Jerry Pournelle notes:
Civilization is more fragile than most believe. Note that a true dark age comes not when we lose the ability to do something, but forget that we ever had that ability: as for instance no university Department of Education seems aware that in the 1930’s to the end of World War II, essentially the only adult illiterates in the United States were people who had never been to school to begin with (see the Army’s tests of conscripts). My mother had a 2-year Normal School degree and taught first grade in rural Florida, not considered a high intelligence population. I once asked her if any of her students left first grade without learning to read. She said, “Well, there were a few, but they didn’t learn anything else, either.” The notion that a child could get out of elementary school unable to read was simply shocking up to about 1950 when new University Education Department theories of reading emerged. Now a majority of students read “below grade level”…
Oh, it’s far worse than that, Dr. Pournelle, if the results of the Adult Literacy Survey of 2003 aren’t reversed soon:
Literacy experts and educators say they are stunned by the results of a recent adult literacy assessment, which shows that the reading proficiency of college graduates has declined in the past decade, with no obvious explanation…

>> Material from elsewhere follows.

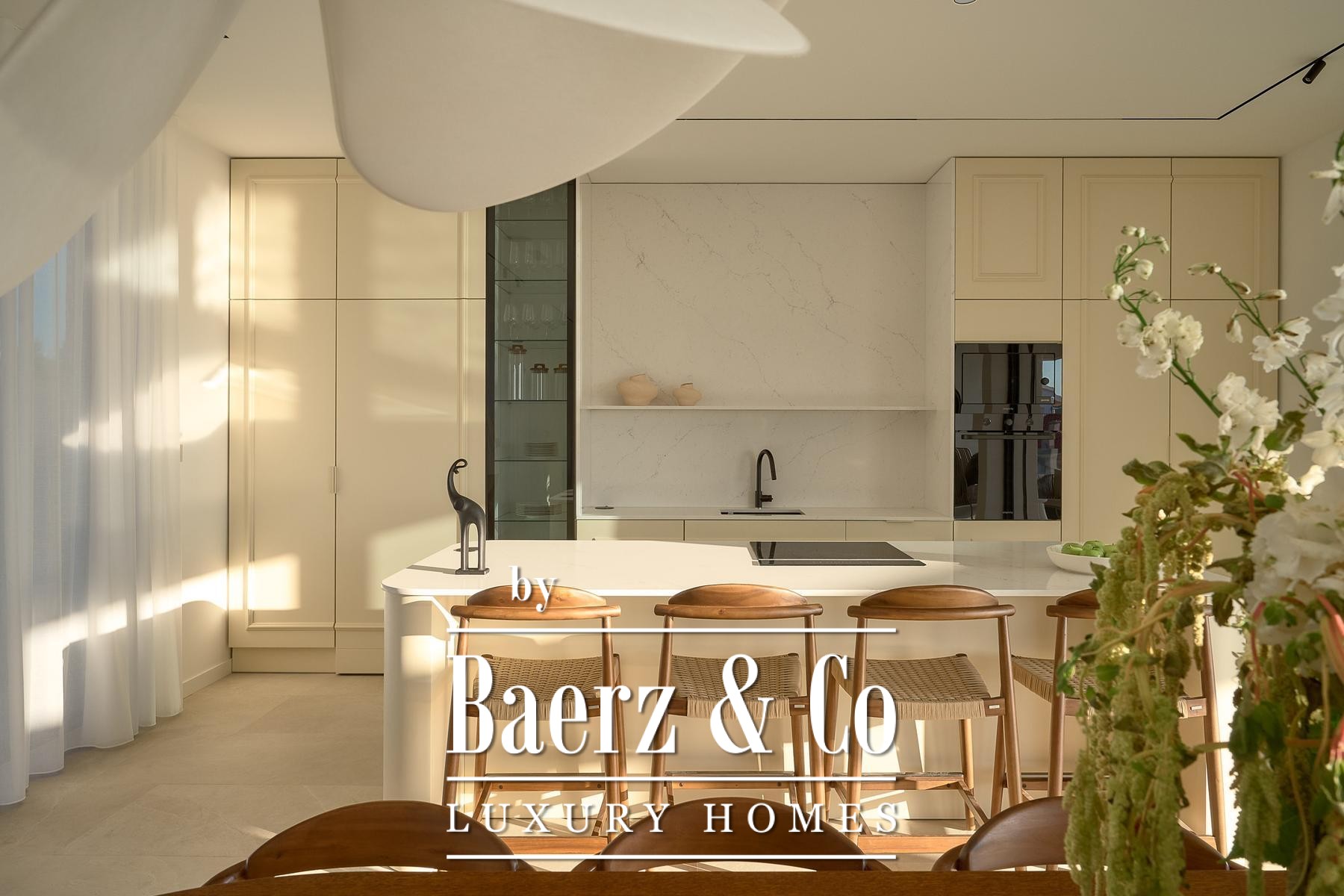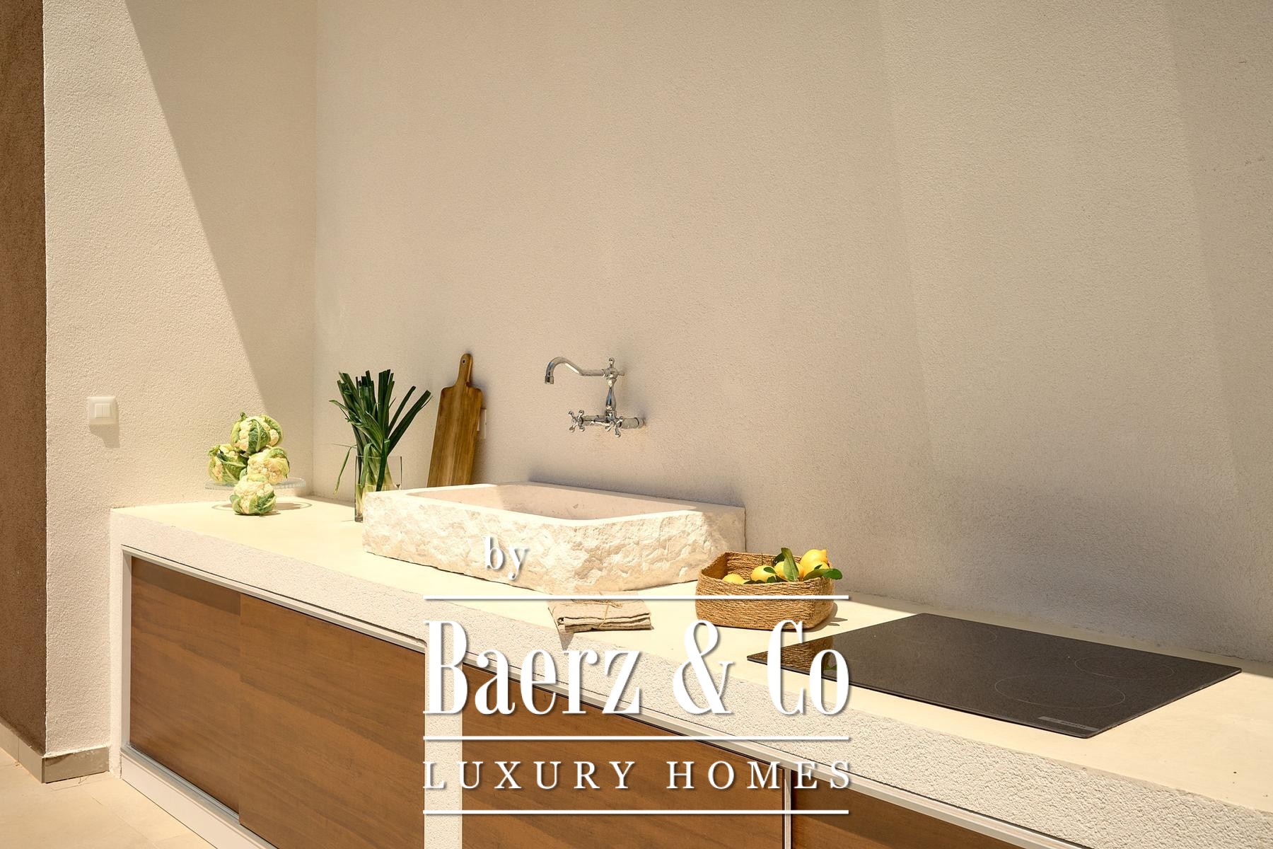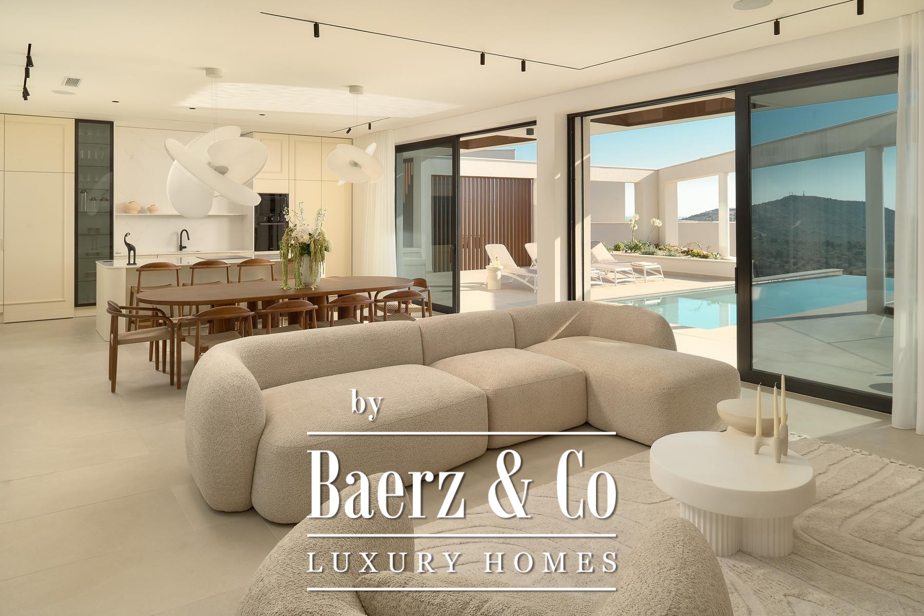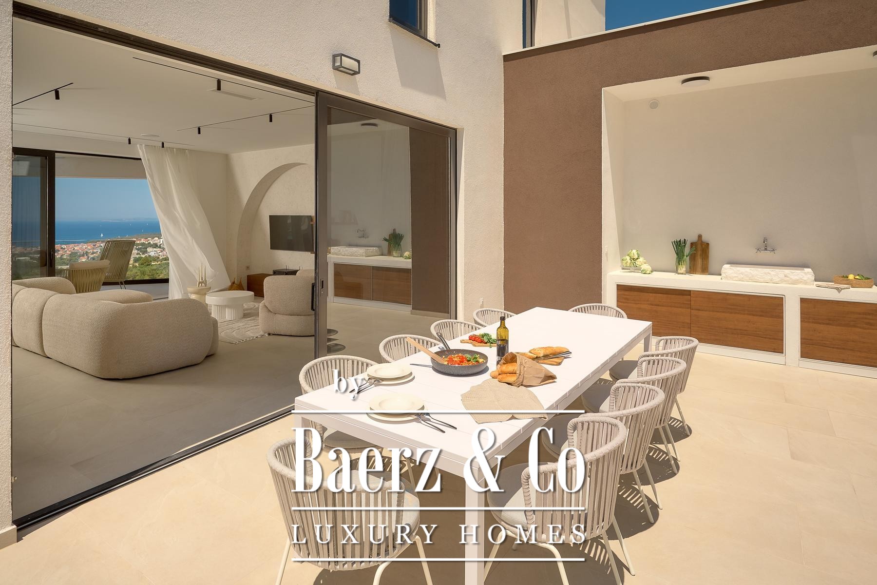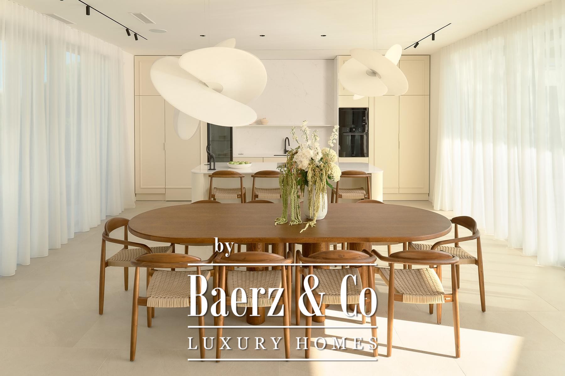 De begane grond verwelkomt u in een lichte, open woonkamer en eetruimte, naadloos verbonden met een moderne keuken, verrijkt met kamerhoge glazen wanden die zorgen voor veel daglicht en een soepele overgang tussen binnen en buiten. De ruime terrassen bieden zones voor ontspanning en gastvrijheid, waaronder een buitenkeuken en barbecue naast het infinity zwembad en een zonneterras.

The test measures how well adults comprehend basic instructions and tasks through reading — such as computing costs per ounce of food items, comparing viewpoints on two editorials and reading prescription labels. Only 41 percent of graduate students tested in 2003 could be classified as “proficient” in prose — reading and understanding information in short texts — down 10 percentage points since 1992. Of college graduates, only 31 percent were classified as proficient — compared with 40 percent in 1992.

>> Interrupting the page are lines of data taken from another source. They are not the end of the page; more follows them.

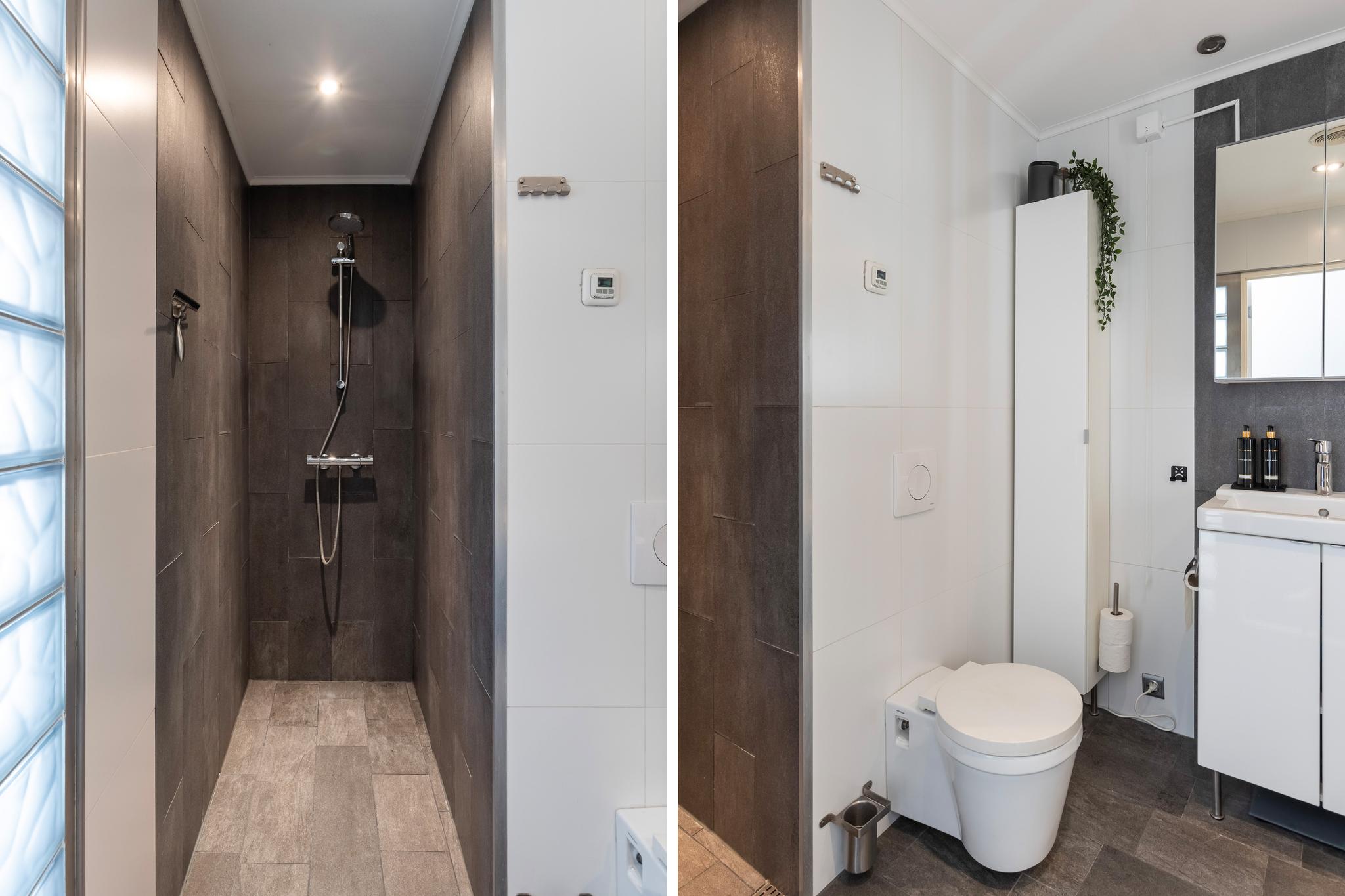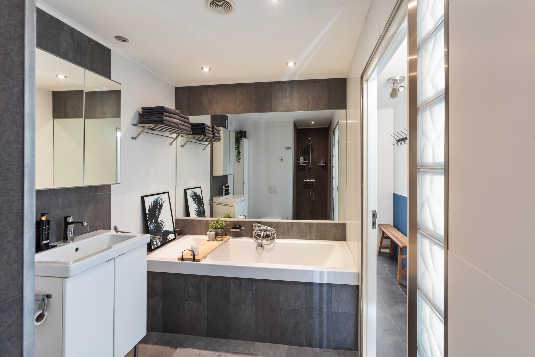 De royale badkamer is volledig betegeld en voorzien van een ruim ligbad, inloopdouche, wastafelmeubel met spiegelkast en kolomkast, toilet en elektrische vloerverwarming.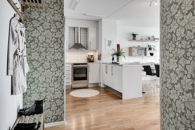 Przedpokój ozdobiony tapetą w kolorowe kwiaty. Znalazło się tutaj także miejsce na szafę, wieszak oraz stojak na buty.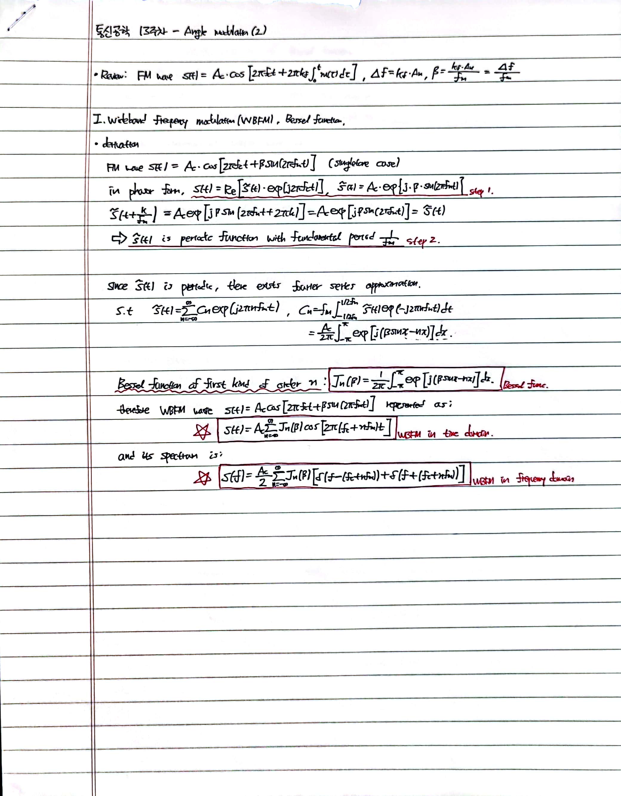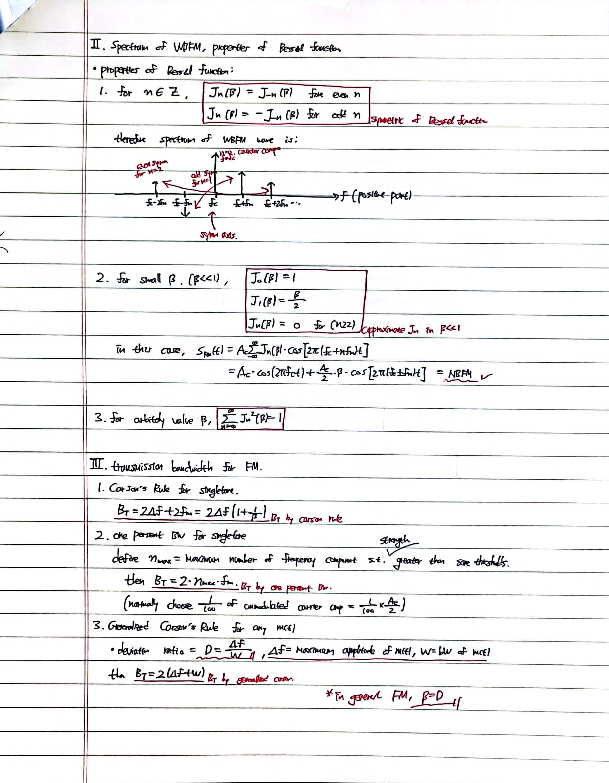 Contents: wideband frequency modulation, Bessel function, transmission bandwidth

Do note the simplicity of the tasks tested. Other text samples in the test were extracts from a bus schedule, a newspaper editorial and a prescription med label, all of which proved too daunting for an overwhelming majority of college graduates.
With a basic reading skill set like this, is it any wonder that the ISI’s survey of civics literacy indicates such a abysmal grasp of basic civics in our adult population–most especially in college graduates?
More interesting, although I have posted similar posts for five years or so now, I have yet to read a defense of public education here–even when my traffic was regularly in quadruple digits several years ago–that was… literate.
See “The National Assessment of Adult Literacy” (PDF file) for more–especially if the background data is still available (I didn’t check, but sometimes such things are… redacted, shall we say, to be less embarrassing when the actual data isn’t as rosy as the particular government department wishes to portray. If such proves to be the case, I may be able to find a copy of what I read several years ago.)
Addendum: I debated using this linked info in my comments above but decided against it because of the subliterate use of terms I found in it, for example, “Over all [sic], the average prose and document literacy scores for Americans were basically flat between 1992 and 2003… ” The proper term for discussing the limits of the scores between the denoted boundaries of “1992-2003” is “overall” not “over all”. *sigh* But still, I find the following paragraph delicious:
Based on their scores, participants in the survey were deemed to have “basic,” “intermediate” or “proficient” literacy (Whitehurst noted that a National Research Council committee that recommended the literacy levels initially called the highest level “advanced,” but that department officials ultimately concluded that the skills required for that category — comparing viewpoints in two editorials, for instance, or calculating the cost per ounce of different grocery items — weren’t really all that advanced.)
“[W]eren’t really all that advanced”? Indeed. And that’s the level that only 31% reached. Barely above mouth-breathers who’ve been chemically lobotomized.